4 things have changed the definition of media...
- Fragmentation of content (200m+ nice sites) - Long-tail & mid-tail (Blogs, sites, social profiles) - Fragmentation of traffic (topics & articles as 'landing pages') - Death of portals (decreasing share of time)
How did Glam solve this problem? If sites are going to be this fragmented, how do we bring about an aggregation of audience in these places?
Focus is on Audience (women), Context (lifestyle), have a network of sites (publishers), and create a premium brand engagement (rather than just an 'ad'...
They are now at 1400 publishers across the network... and it's an 'exclusive' network.
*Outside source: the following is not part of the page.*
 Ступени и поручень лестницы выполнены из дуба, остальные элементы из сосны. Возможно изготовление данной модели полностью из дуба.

For instance, they could offer a Unilever brand like Dove an exclusive tie-in around 'The Oscars' or similar event.
Glam act like a restaurant franchise... they seek out opportunities to be locally relevant and powerful, but aggregate this across the world.
So Glam are fundamentally 'a technology company' who bring together content, applications, advertisers and agencies, audience and 'distribution'...
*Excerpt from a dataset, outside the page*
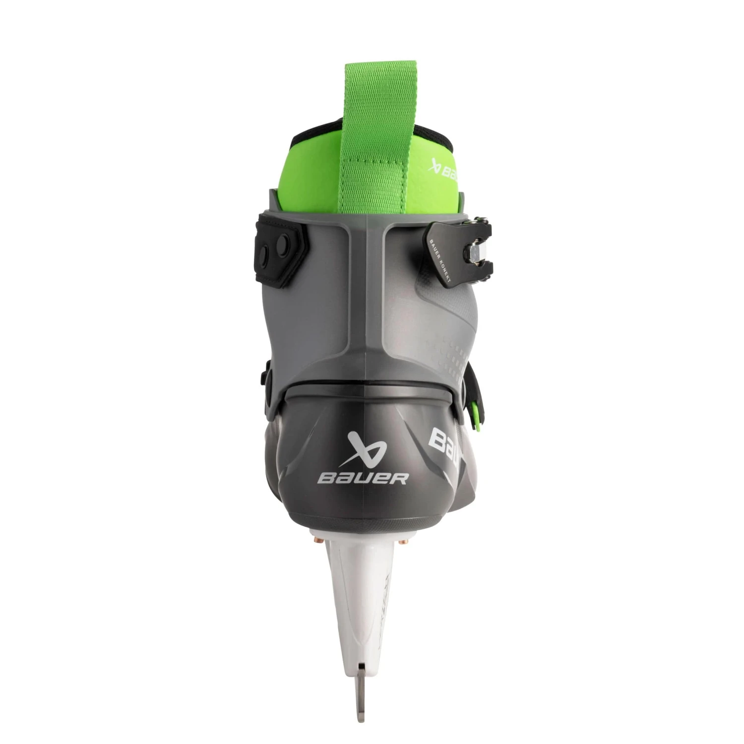 Bauer has been sticking with a black and green colouration for their KONEKT line, and there is no exception with the HF2 skates. The heel is adorned with the Bauer text logo, and their new image logo appears on the heel. The name KONEKT is seen in light grey along the side, and the HF2 branding is also present in the green insole.

They've also built tinker.com... as opposed to following people as twitter would, it follows topics across many streams (it's a bit like addictomatic, to be honest...)
and now... a panel discussion featuring all three speakers...
Question from John Taysun (We7)... how does the industry reconcile the 'targeting' issues with that of 'media buying'... "brand managers want targeting, some planners want targeting, but media buying is still looking for 'scale' and accepts there will be 'waste'...
DB: Everyone is interested in better targeting... we are now taking direct data feeds (not research) from media owners, and building these into dynamic impression buying tools
BR: For FMCG brands like ours, we still need tremendous scale (which we get through traditional routes), but on the internet we want to be as laser focussed as possible... what differentiates one detergent from another is the marketing.
SA: TV is no longer the most effective medium in america to do large scale branding campaigns... it's now the internet.
Martin Loat, Propeller Group: "you mentioned in passing that the Dove spoof got more views than the proper ad... what does that say to us about consumers nowadays"
BR: I truly believe that as time moves forward that content created by consumers will rival that which is produced by professionals... (hence the moves by Unilever like crowdsourcing the Peperami ads)
DB: you have to be authentic, realise that what you put out there will stay out there, and have things in place that will enable you to listen and respond...
BR: The companies that handle social media best are the companies who've already been punk'd by social media...
-----------------------------
Andrew Freeman, Harris
Andrew outlines the sheer difference in today's media landscape (everything from press & magazines to outdoor), and yet the ways in which we measure these core media channels remains the same...
...nowadays people make many more decisions and choices to edit down their own media choices, so that broad targeting approach of old school planning.
So planners today need to navigate a much more difficult landscape...
In 1996, there were only 75m indexable URLs, and Andrew reckons that the entire downloadable content of it could be stored on every phone in the room here...
...now, of course, it's huge and growing exponentially... the reality of which means there are hundreds of thousands of people trying to reach people.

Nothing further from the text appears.